When we put multiple inputs to LLM in a batch, I believe does model processes all the inputs at same time? How does model take care of concurrency?
1. Batching vs. Concurrency
-
Batching: When you send multiple prompts together (a batch), the model processes them in parallel inside a single forward pass through the neural network. Each prompt is treated as an independent sequence, but they share the same model weights. This is mostly a performance optimization — GPUs/TPUs are great at parallel matrix operations.
-
Concurrency: Refers to multiple independent requests coming at the same time (from different users, apps, etc.). Concurrency is usually handled by the serving infrastructure, not by the model itself. The system might group requests into batches under the hood, or run them across multiple GPUs.
2. How the Model Handles a Batch
Imagine you have 3 prompts:
["Translate: Hello", "Summarize: long text...", "Write a poem about cats"]
The model doesn’t merge them — instead, it creates a tensor (matrix) where each prompt is padded to the same length.
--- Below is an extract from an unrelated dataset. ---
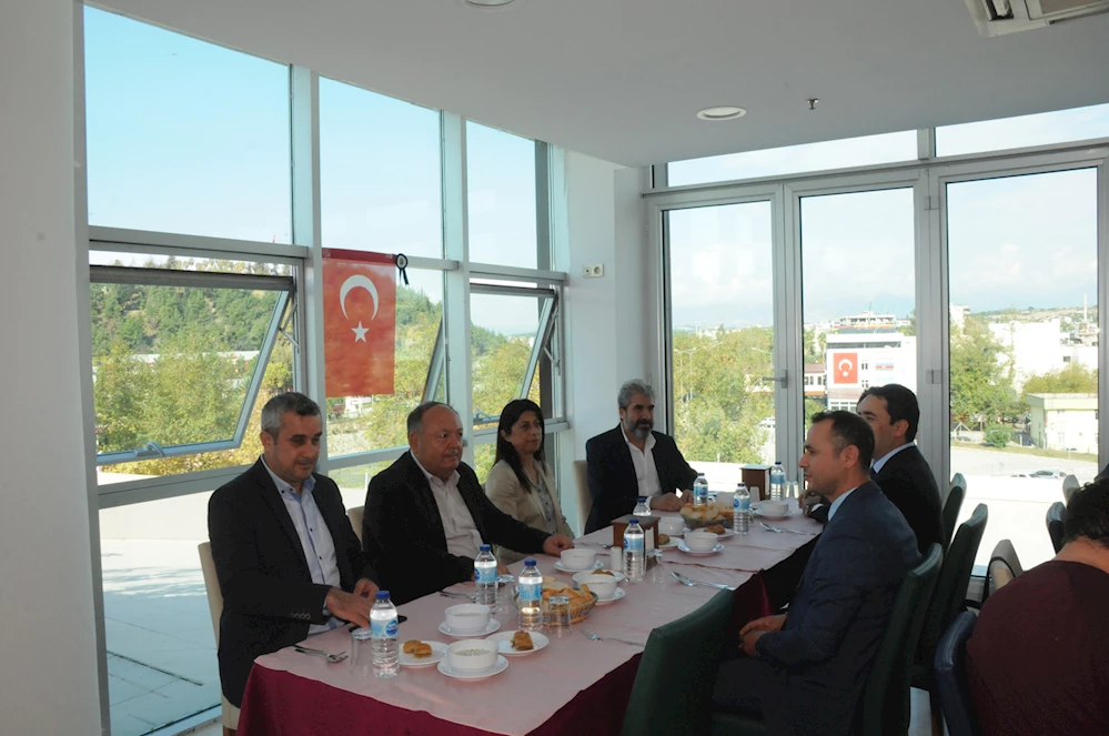 Kadirli Belediye Başkanı Ömer Tarhan, Kadirli Sosyal ve Beşeri Bilimler Fakültesi Dekan V. Prof.Dr. Mahmut Hamil NAZİK, Dekan Yardimcisi, Bilgi ve Belge Yönetimi Bölüm Başkanı Dr. Öğr. Üyesi Hüseyin Hilmi ALADAĞ, Dr. Öğr. Üyesi Burak KOCAOĞLU, Fakülte Sekreteri V. C.Sadık KEMANECİ ve öğrencileri, Kadirli Uygulamalı Bilimler Yüksekokulu Müdürü Dr.Öğr. Üyesi Nermin BAHŞİ, Gastronomi ve Mutfak Sanatları, Gıda Teknolojisi ve Organik Tarım İşletmeciliği Bölümleri öğrencileri ile Kadirli Belediyesi yemekhanesinde bir araya geldi.

The transformer layers then process all of them in one go, row by row.
-
The prompts don’t “interfere” with each other.
-
Each has its own attention mask so tokens only attend to their own sequence.
3. Concurrency Behind the Scenes
-
If many users hit the API at once, the serving system queues requests and may dynamically batch them together to maximize GPU utilization.
-
This makes inference faster and cheaper, but to the user it still feels like their request was handled individually.
-
Concurrency control (like avoiding conflicts, timeouts, retries) is at the infrastructure level, not inside the transformer math.